At 27, the Monument to the Virgin of Peace is showing her age and is in need of repairs. (Layisse Cuenca for Infosurhoy.com)

By Layisse Cuenca for Infosurhoy.com—08/07/2010

TRUJILLO, Venezuela – The Monument to the Virgin of Peace needs a makeover.

That’s what Gladys Rodríguez, a ticket seller at the monument’s visitor’s center, said when she looked at the world’s tallest statue of the Virgin Mary.

The 27-year-old iconic landmark that is 46.7 meters (153 feet) tall and is perched atop a hill 1,700 meters above sea level in the state of Trujillo, about 375 miles west of the nation’s capital, is falling apart.

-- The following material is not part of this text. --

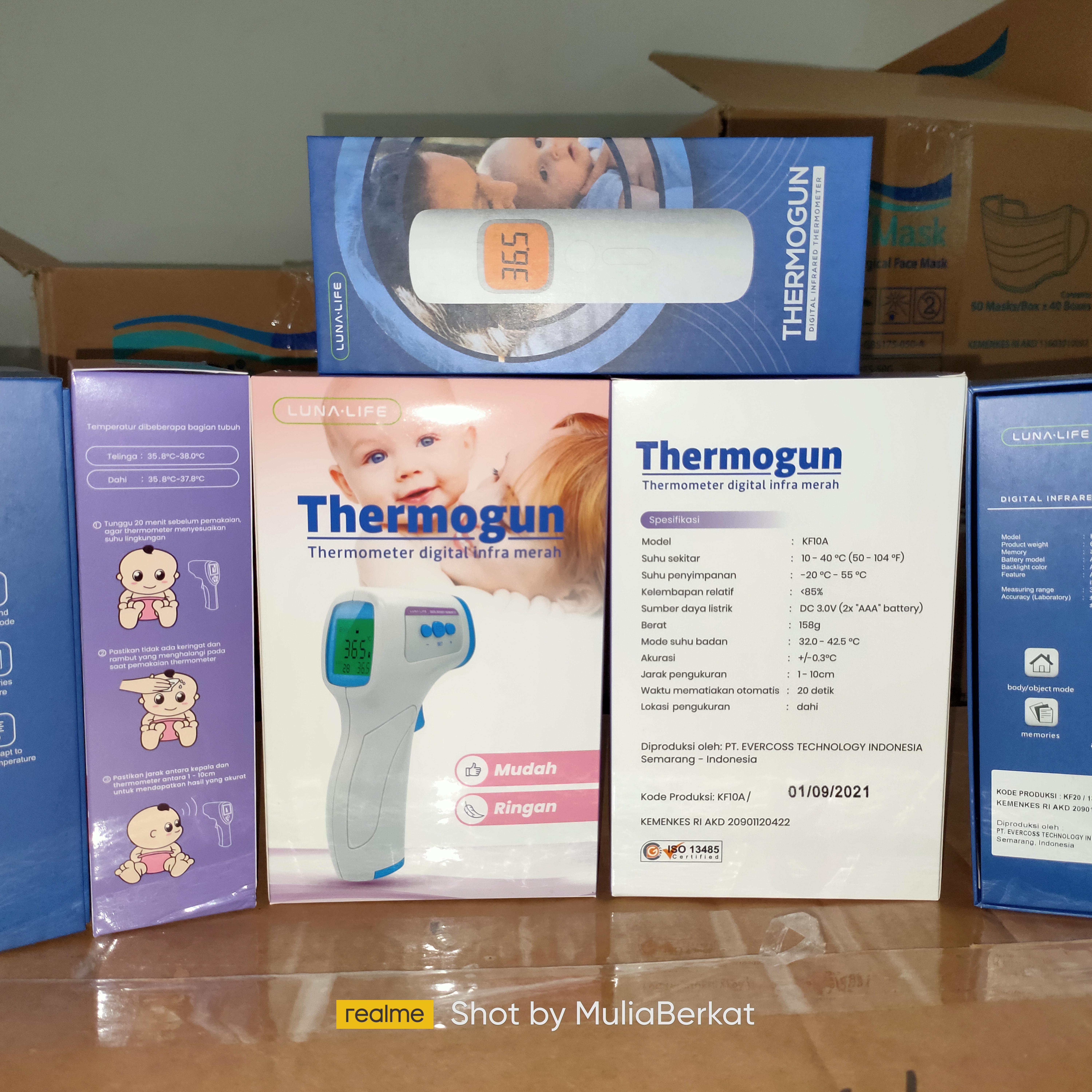 Thermometer gun infrared KF10 merk LunaLife. Non-contact, hasil pengukuran cepat dan akurat. Cocok untuk screening suhu tubuh di pintu masuk.

“Not before – or now – has the [government] provided money to take care of it,” Rodríguez said. “We have always funded [its maintenance] with the money collected from tourists’ visits.”

The monument of the Virgin Mary holding a white dove in her right hand is the centerpiece for one of the country’s top tourist attractions. The statue, which is on La Peña de la Virgen hill, is surrounded by a complex that features a recreational park and a chapel, which also houses concerts. Admission to the complex costs $8 bolívares (US$1) for adults, $5 bolívares (US$0.66) for children and $4 bolívares (US$0.50) for parking. The complex also offers postcard-quality views of Lake Maracaibo, the largest lake in South America.

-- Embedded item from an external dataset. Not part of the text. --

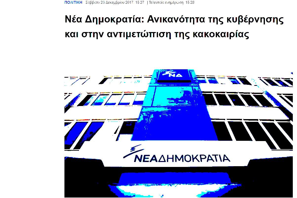 Θα μπορούσε να είναι σημερινή ανακοίνωση του ΣΥΡΙΖΑ αλλά δεν είναι. Είναι η ανακοίνωση της Νέας Δημοκρατίας με ημερομηνία 23 Δεκεμβρίου του 2017 και με αφορμή χιονόπτωση σε μεγάλο μέρος της χώρας. Σήμερα που η Νέα Δημοκρατία είναι στην κυβέρνηση, οι αιτίες για τις οποίες αντιμετωπίζει η χώρα τόσα προβλήματα, είναι άλλες και σίγουρα ΟΧΙ Η ΑΝΙΚΑΝΟΤΗΤΑ.

But the facilities need to be updated so all visitors can enjoy the venue and especially the statue, which took sculptor Manuel de La Fuente 18 months to create, Rodríguez said. She said equipment used to assist the handicapped and the elderly hasn’t been maintained.

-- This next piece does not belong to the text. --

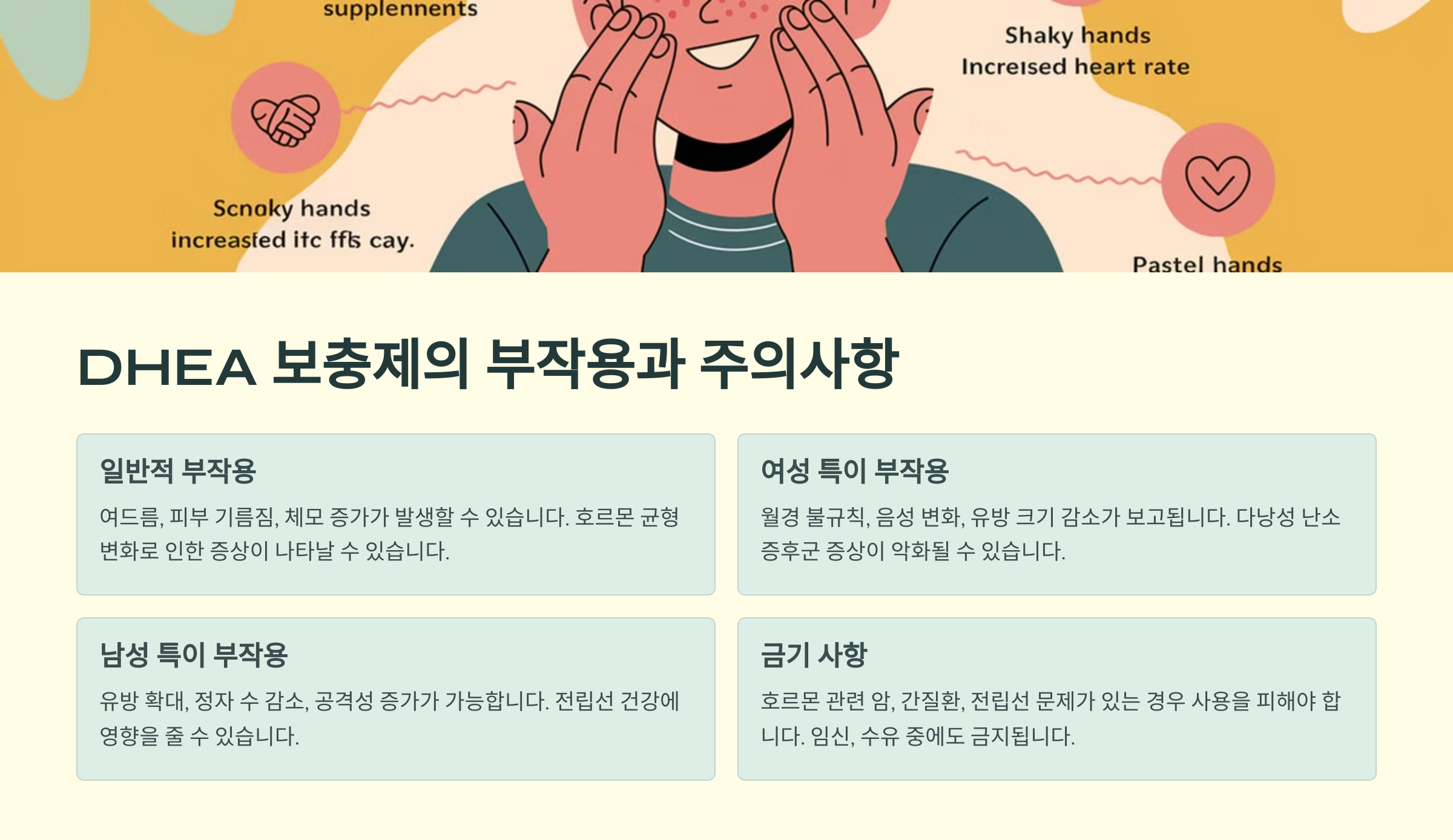 DHEA 보충제는 부작용이 발생할 수도 있어요. 특히 과다 복용하면 호르몬 균형이 깨질 수 있으니 주의해야 해요.

Deyanira Vásquez, 34, traveled with her family from Caracas to visit the monument for the first time, but not all her relatives were able to go all the way up to the top of the hill.

“It really is something beautiful and the view, although it is cloudy today, is impressive,” she said. “It is a shame that my grandmother was not able to go up.”

A civil association was responsible for the complex’s maintenance until six months ago, when the Trujillo state government took control of the venue.

“On November 20, 2009 the Virgen de la Paz civil association transferred the Monument of Peace to the Trujillo government,” Alexander Ramírez, attorney general of the state of Trujillo, told the government-run newspaper Correo del Orinoco.

But it hasn’t been a smooth transition, Rodríguez said.

“The current management put up new posters, but with wrong dates, height [of the monument] and other details that we have to correct when visitors ask,” Rodríguez said, adding the “elevator hasn’t worked in years” and the bathrooms are not in the best condition for public use.

Ramírez said the city government plans to invest $32 million bolívares (US$7.4 million) to renovate the park surrounding the monument, in addition to building a “three-star hotel with a capacity of 60 beds” to attract more visitors, according to Correo del Orinoco.

Víctor Rincón, a Trujillo resident who also recently visited the monument for the first time, said it’s “surprising that we have something so important in our state and we don’t take care of it properly. Still, the gardens are beautiful and the swings (in the children’s play area) are in good condition.”

Ana María and Letty Suárez woke up early to travel from the Midwestern state of Lara to thank the Virgin for answering one of their prayers.

“The monument is clean and they take care of the parks,” Ana María said, “but the bathrooms need to be renovated.”